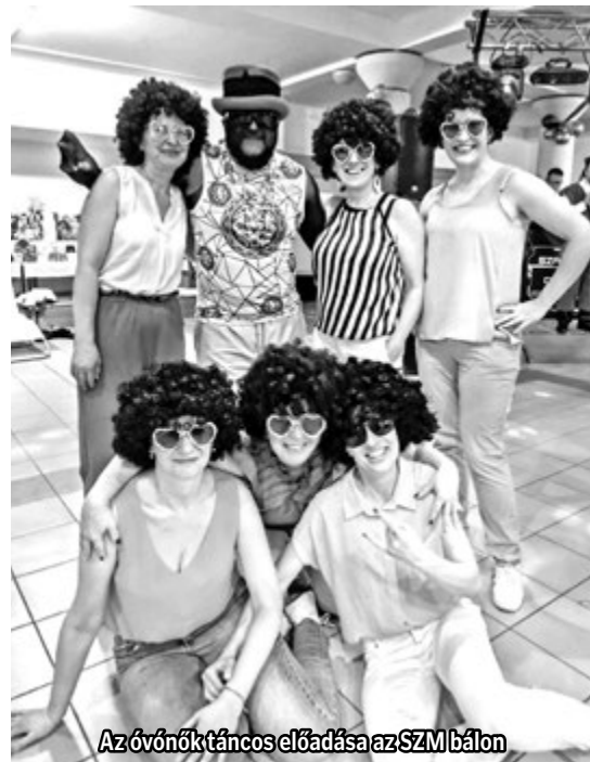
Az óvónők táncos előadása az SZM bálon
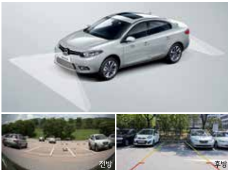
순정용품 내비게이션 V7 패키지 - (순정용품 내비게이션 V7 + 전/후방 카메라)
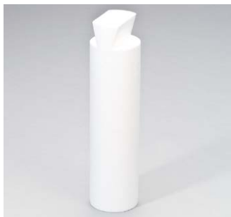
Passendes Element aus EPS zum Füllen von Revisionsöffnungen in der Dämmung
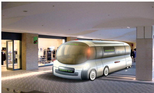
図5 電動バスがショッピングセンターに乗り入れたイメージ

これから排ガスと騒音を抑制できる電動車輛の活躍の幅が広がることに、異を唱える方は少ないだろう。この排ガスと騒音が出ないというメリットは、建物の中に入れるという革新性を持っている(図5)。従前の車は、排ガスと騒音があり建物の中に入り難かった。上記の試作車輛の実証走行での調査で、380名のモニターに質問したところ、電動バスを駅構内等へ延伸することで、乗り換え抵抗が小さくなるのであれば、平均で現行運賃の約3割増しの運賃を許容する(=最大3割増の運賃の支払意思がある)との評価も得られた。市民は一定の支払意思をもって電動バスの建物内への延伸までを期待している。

━━━━━━

WHAT TO WORK ON. The first line of the entries, the line containing "図5 電動バスがショッピングセンターに乗り入れたイメージ", and every line between them are to be output exactly; pictures are not.

SOLUTION FOR THIS PROBLEM.
Az óvónők táncos előadása az SZM bálon
순정용품 내비게이션 V7 패키지 - (순정용품 내비게이션 V7 + 전/후방 카메라)
Passendes Element aus EPS zum Füllen von Revisionsöffnungen in der Dämmung
図5 電動バスがショッピングセンターに乗り入れたイメージ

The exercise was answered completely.